### ASSIGNED TASK
Leave out every picture and set down, exactly, the lines below from the one holding "SEG Direct 127CM" up to and including the one holding "ผักคอสโรเมนคลุกเคล้ากับน้ำสลัดซีซ่า ที่มีกลิ่นหอมของ White".

(Stored items)

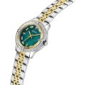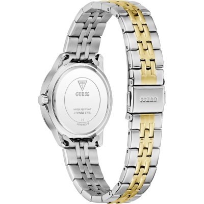 Diese Guess Uhr hat ein Edelstahl Gehäuse mit einem Durchmesser von 32 mm und ist mit einem Armband aus Edelstahl versehen. In der Uhr arbeitet ein Seiko Uhrwerk. Das Glas der Uhr besteht aus Mineral - Glas.
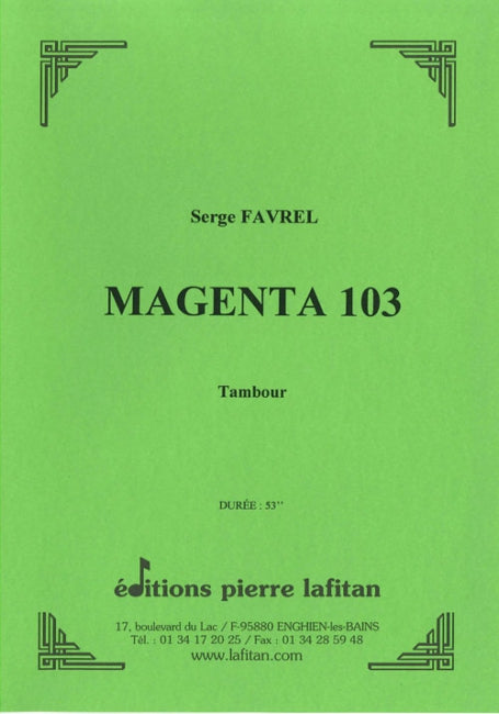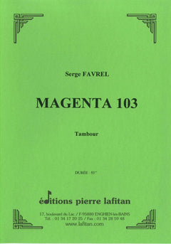 Le fichier PDF de l'oeuvre "Magenta 103", pour tambour seul, comprend : 1 page de garde et la partition de tambour (1 page). Soit 2 pages au total. Le poids du fichier PDF est : 35,90 Ko.
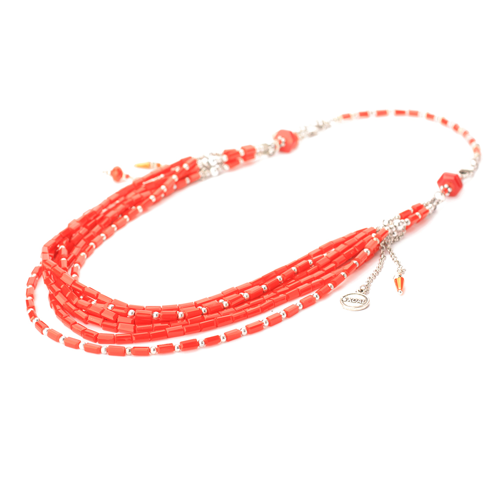 Traumhaftes, mehr-reihiges Exoal Collier in Korall-Rot mit genialer Optik und vielen Kombinationsmöglichkeiten!
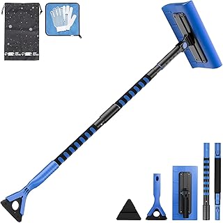 SEG Direct 127CM Ausziehbare Schneebürste mit Eiskratzer 3 in 1 Schneeräumwerkzeug mit 270° Bürstenkopf Groß und Schneefeger für SUV Auto Truck Bus Kleintransporter(Blau)
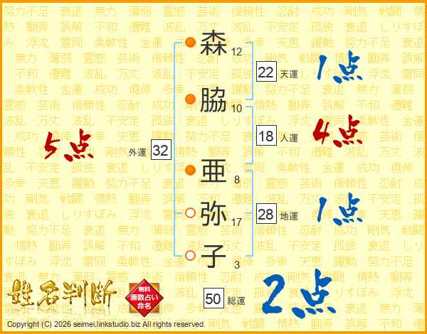 森(12画)脇(10画) 亜(8画)弥(17画)子(3画)
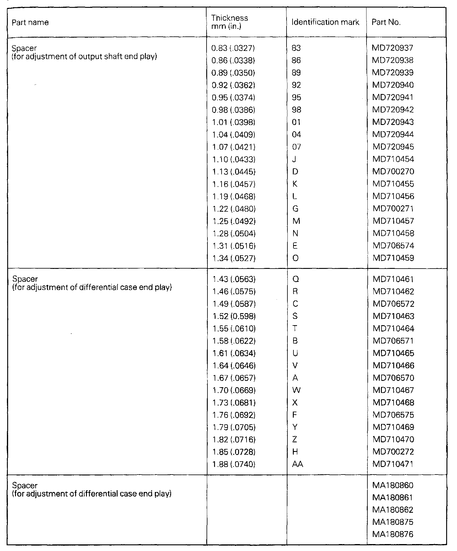 KM210A 5-sspd M/T, Output Shaft End Play / Differential End Play:
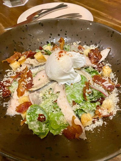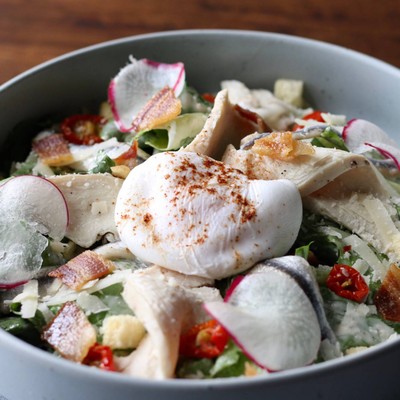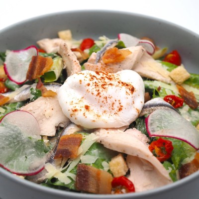 ผักคอสโรเมนคลุกเคล้ากับน้ำสลัดซีซ่า ที่มีกลิ่นหอมของ White Anchovy และกระเทียมพร้อมด้วยอกไก่สไลด์ โพชเอ้ก โรยด้วยเบคอนกรอบ กรูตองซ์ Garlic Oil และพาเมซานชีส
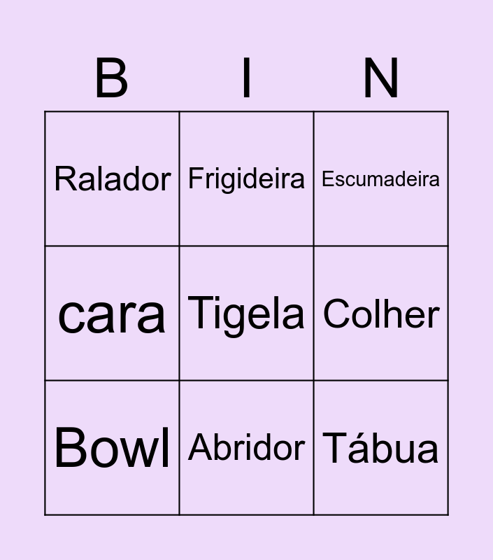 This bingo card has 72 words: Free!, Frigideira, Colher, Panela, Garfo, Faca, cara, Copo, Tábua, Caneca, Concha, Espátula, Peneira, Ralador, Leiteira, Jarra, Forma, Tigela, Pegador, Escorredor, Abridor, Escumadeira, Saleiro, Espremedor, Moedor, Açucareiro, Mixer, Liquidificador, Tampa, Bule, Descascador, Bowl, Porta-talheres, Saca-rolhas, Luva térmica, Coador, Panela, Frigideira, Colher, Garfo, Faca, Prato, Copo, Xícara, Caneca, Tábua, Espátula, Concha, Ralador, Peneira, Jarra, Leiteira, Tigela, Forma, Escorredor, Pegador, Escumadeira, Abridor, Espremedor, Saleiro, Açucareiro, Moedor, Liquidificador, Mixer, Bule, Tampa, Bowl, Descascador, Saca-rolhas, Porta-talheres, Coador and Luva térmica.
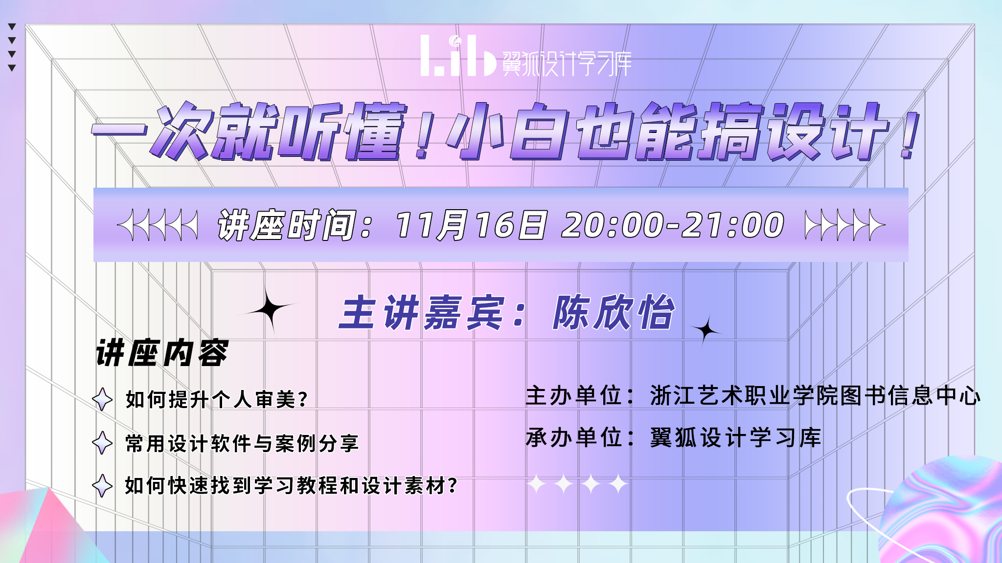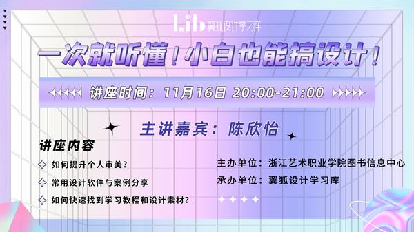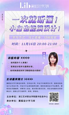 因此,图书信息中心联合翼狐设计学习库,特别为我校师生提供一场以“翼狐设计学习库——规划最全面的设计知识地图”为核心的直播讲座,让读者了解设计最前沿的行业资讯及动态,意识到学习设计的重要性,领会设计的魅力,教你如何使用翼狐设计学习库——10年创新设计教育经验倾力打造的艺术设计资源库寻找自己感兴趣的设计综合教程,提升自我软实力,从而体会设计的乐趣,懂设计、会设计、爱设计,获取更多最前沿、最实用的设计资讯,掌握更多能对学习、生活和未来工作都有大用途的设计技能。
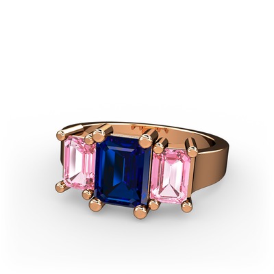 Lab safir ve pembe kuvars 8 ayar rose altın yüzük
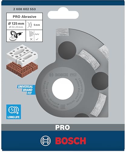 Bosch 1x PRO Abrasive diamantslijpkoppen voor asgat 22,23 en betonslijpmachines (voor Kalk- en zandsteen, Baksteen, Ø 125 mm, Professional Accessoires Betonslijper)
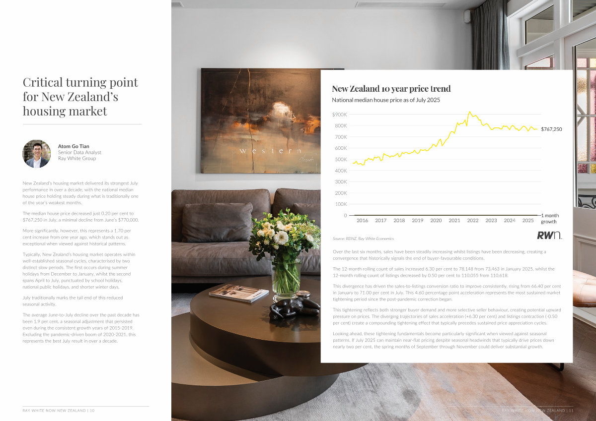 New Zealand’ s housing market delivered its strongest July performance in over a decade, with the national median house price holding steady during what is traditionally one of the year’ s weakest months.
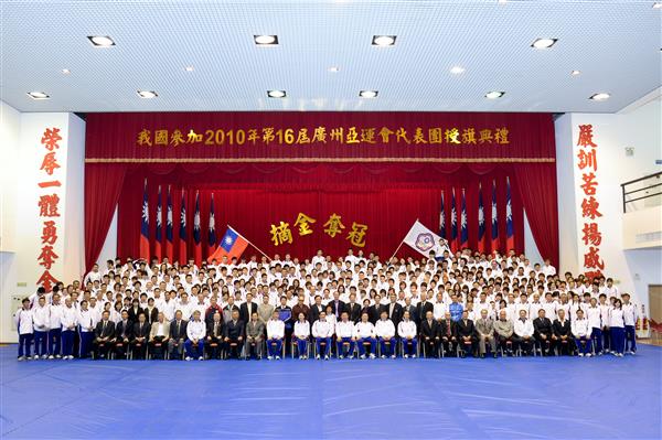 總統致詞時表示,我國第16屆亞洲運動會代表團即將出發前往廣州參加本月12日至27日所舉行的比賽,代表團成員總共有569人,參加32種競技項目,將與來自45個國家地區,一萬多位選手競賽。
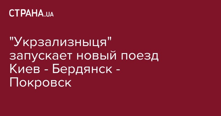 "Укрзализныця" запускает новый поезд Киев - Бердянск - Покровск
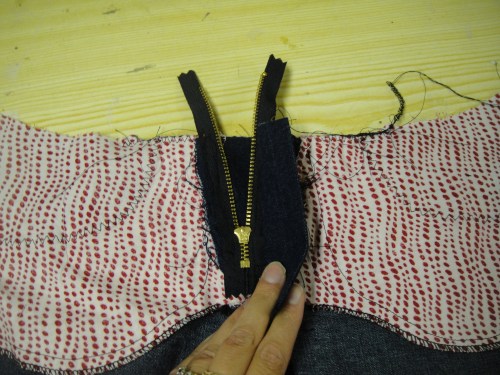 Now that’s a problem solver – an extra long zipper! What a brilliant idea. I love your creative pockets, and I’m going to steal your cardboard template idea for the fly topstitching – why didn’t I think of that before?
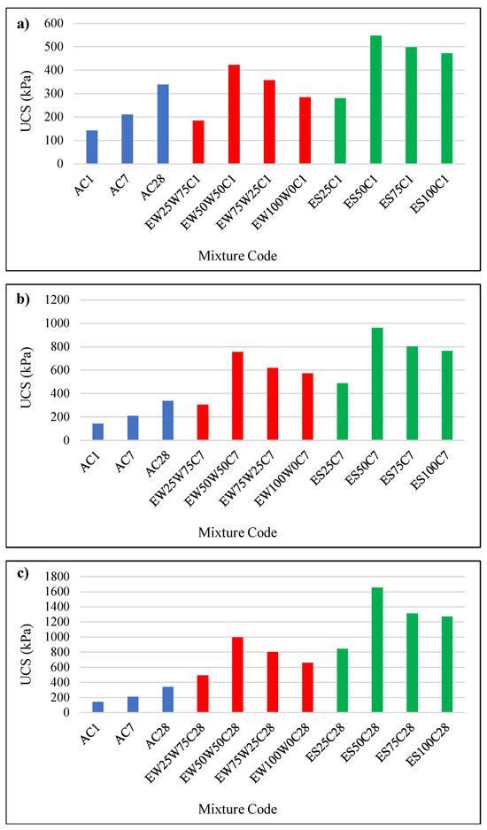 Figure 11 illustrates the unconfined compression strength (UCS) of all mixtures, including the control sample. The UCS performance of the control sample for all curing times has been depicted on the diagrams to facilitate comparison with the results of all mixtures. In Figure 11a, curing times of 1 day for all mixtures are displayed. The unconfined compression strengths of the EW50WC1, EW75WC1, ES50C1, ES75C1, and ES100C1 samples surpass those of the AC1, AC7, and AC28 samples, even though they were cured for just 1 day. Results for samples cured for 7 days are presented in Figure 11b. With the exception of EW25W75C7, all samples exhibit UCS values higher than the control sample. In Figure 11c, the UCS values of egg white-treated samples after 28 days of curing are compared. The lowest UCS among these samples is 3.45 times, 2.35 times, and 1.46 times that of AC1, AC7, and AC28, respectively, as inferred from the figure.

### RESPONSE
 SEG Direct 127CM Ausziehbare Schneebürste mit Eiskratzer 3 in 1 Schneeräumwerkzeug mit 270° Bürstenkopf Groß und Schneefeger für SUV Auto Truck Bus Kleintransporter(Blau)
 森(12画)脇(10画) 亜(8画)弥(17画)子(3画)
 KM210A 5-sspd M/T, Output Shaft End Play / Differential End Play:
 ผักคอสโรเมนคลุกเคล้ากับน้ำสลัดซีซ่า ที่มีกลิ่นหอมของ White Anchovy และกระเทียมพร้อมด้วยอกไก่สไลด์ โพชเอ้ก โรยด้วยเบคอนกรอบ กรูตองซ์ Garlic Oil และพาเมซานชีส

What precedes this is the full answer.